Neon Tech to be Acquired by Databricks for $1 Billion

Neon Tech, a database platform, is set to be acquired by Databricks for $1 billion. This latest startup news was confirmed by the company itself. It is said that this acquisition will help boost its potential in AI-driven data management.

Neon Tech startup
Neon Tech startup

Summary:

1. Neon Tech, a database platform founded in 2021, is set to be acquired by Databricks for $1 billion.

2. Neon, an open-source alternative to Amazon Web Services’ Aurora Postgres database service, has gained popularity among developers due to its ability to compete with agile speed, pay-as-you-go economics, and the Postgres community’s openness.

3. Databricks, a San Francisco-based startup, has raised over $19 billion in funding and closed a $15.3 billion round in January at a valuation of $62 billion.

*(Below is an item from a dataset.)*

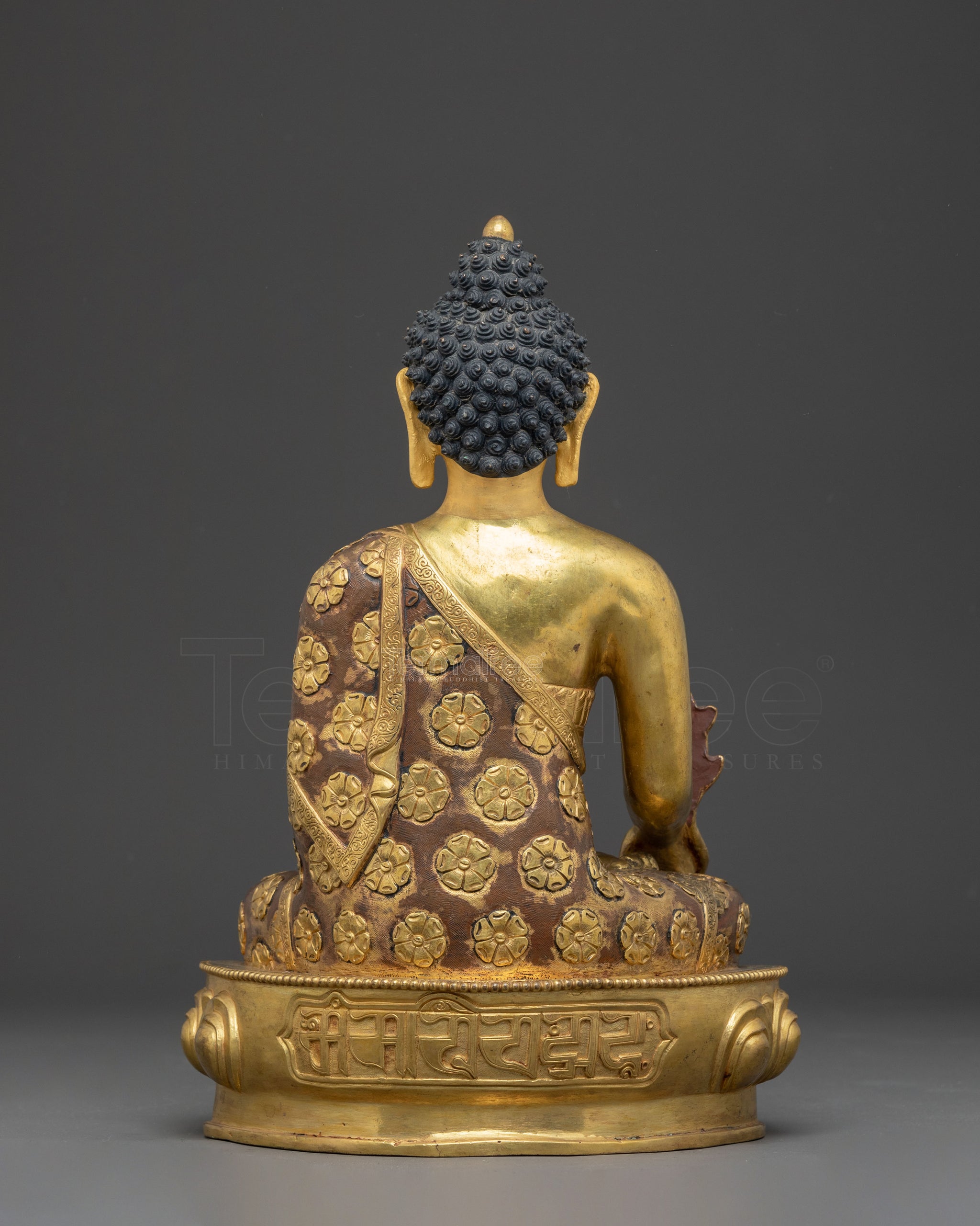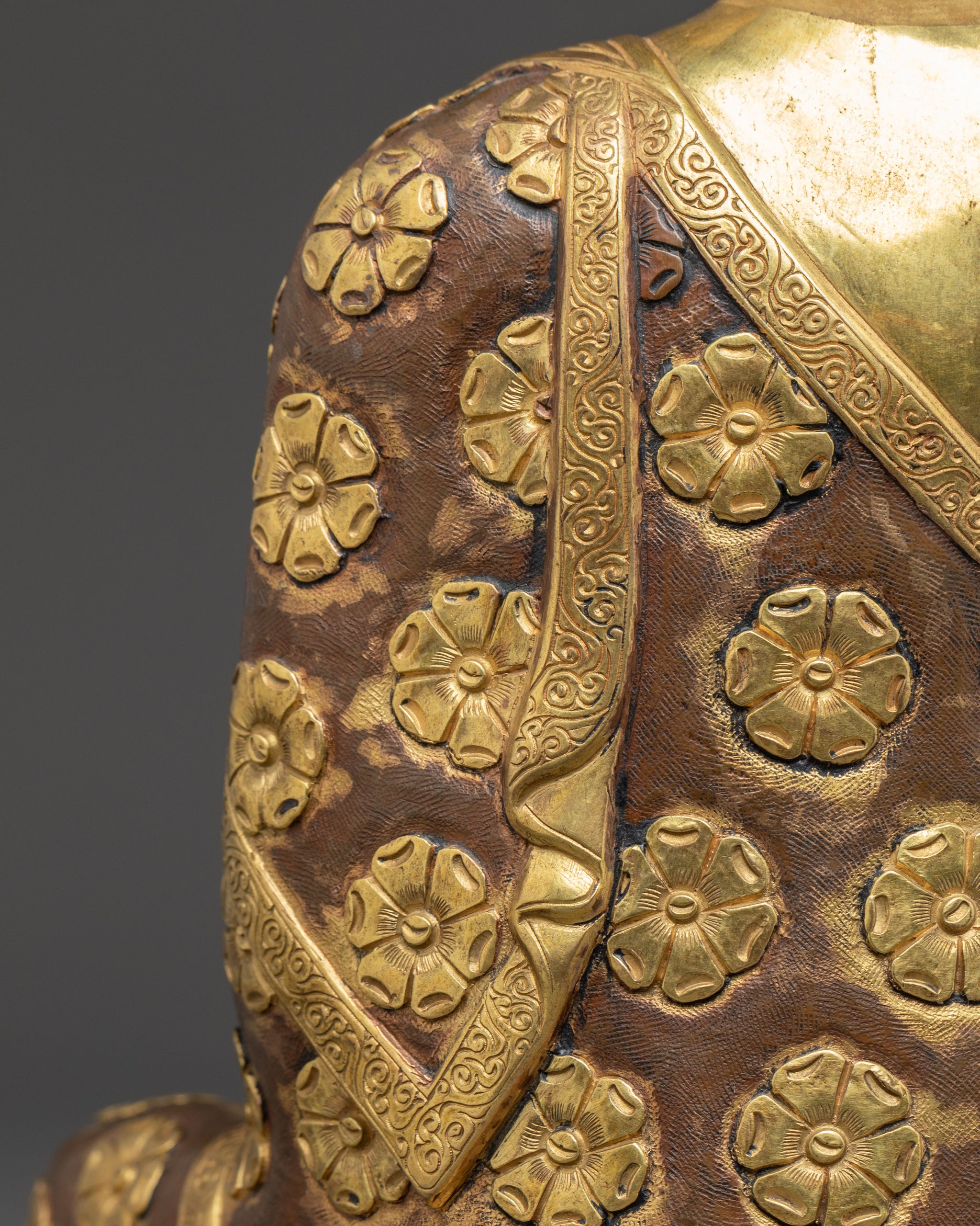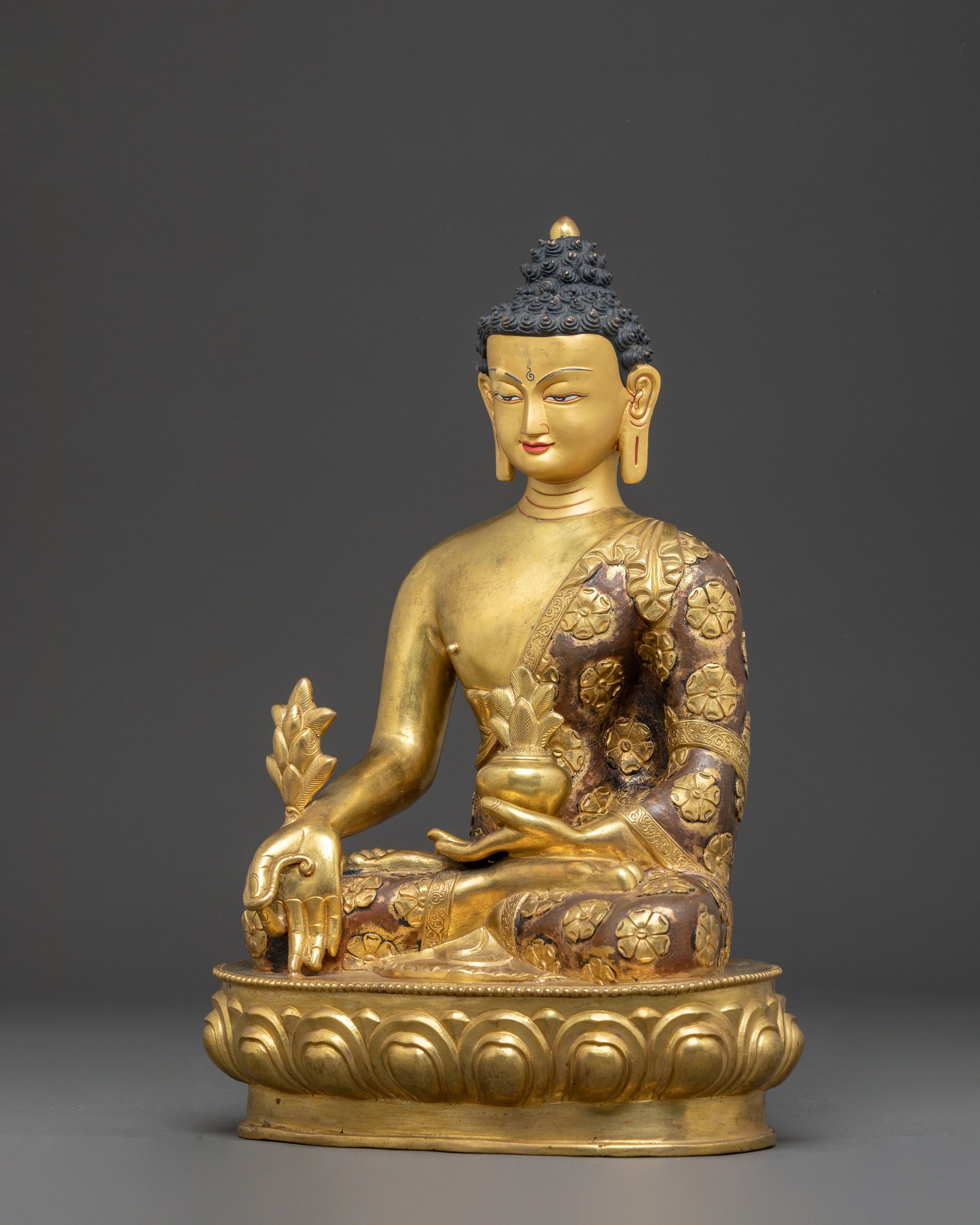 The Sacred Statue of Bhaisajyaguru stands at 12.4” (31.5 cm) in height with a base width of 8.5” (21.5 cm), weighing 3.75 kg. It is made of oxidized copper and adorned with 24K gold gilding, reflecting a rich, luminous presence. The surface is intricately decorated with deeply engraved patterns that produce a striking three-dimensional effect, enhancing its depth and visual richness. Ideal for altars, meditation spaces, or as a centerpiece of spiritual artistry, this statue embodies both devotional reverence and refined craftsmanship.

Founded in 2021, Neon is could base for tech startups to help developers and AI assistants in building new websites and applications.

This is Databricks’ most recent major acquisition; last year, the company paid more than $1 billion for data optimization startup Tabular and $1.3 billion for artificial intelligence model training startup MosaicML.
Databricks said that Neon has more than 18,000 customers. Neon’s clients include OpenAI, Adobe, Boston Consulting Group, Replit, and Vercel, according to its website. Google and Microsoft both offer PostgreSQL database hosting choices in the cloud. Databricks offers software for cleaning up data, executing queries, and running AI models.

Neon, a data management platform and an open-source alternative to Amazon Web Services’ Aurora Postgres database service, has gained popularity among developers. The open-source PostgreSQL database was created in the 1980s. Supabase, a firm whose products have gained popularity with “vibe-coding” tools like Lovable and Figma’s newly introduced Figma Make, is likewise built on PostgreSQL.

Google and Microsoft offer PostgreSQL database hosting choices on their cloud platforms. Databricks offers software for cleaning up data, executing queries, and running AI models.

What is Neon Tech?

Neon, co-founded and led by former Meta and Microsoft engineer Nikita Shamgunov, has received investments from Microsoft, Snowflake, and Databricks. Shamgunov left Meta to run SingleStore, a database startup that was previously known as MemSQL.

Neon charges customers according to the amount of computing and storage capacity they utilize per month. Its software can run on Amazon and Microsoft clouds.

Neon, founded in 2021, is a distributed corporation with more than 130 employees, according to a job description. Databricks, located in San Francisco, was created in 2013 and was valued at $62 billion in a $10 billion funding round revealed in December. Some of the money was set aside for acquisitions.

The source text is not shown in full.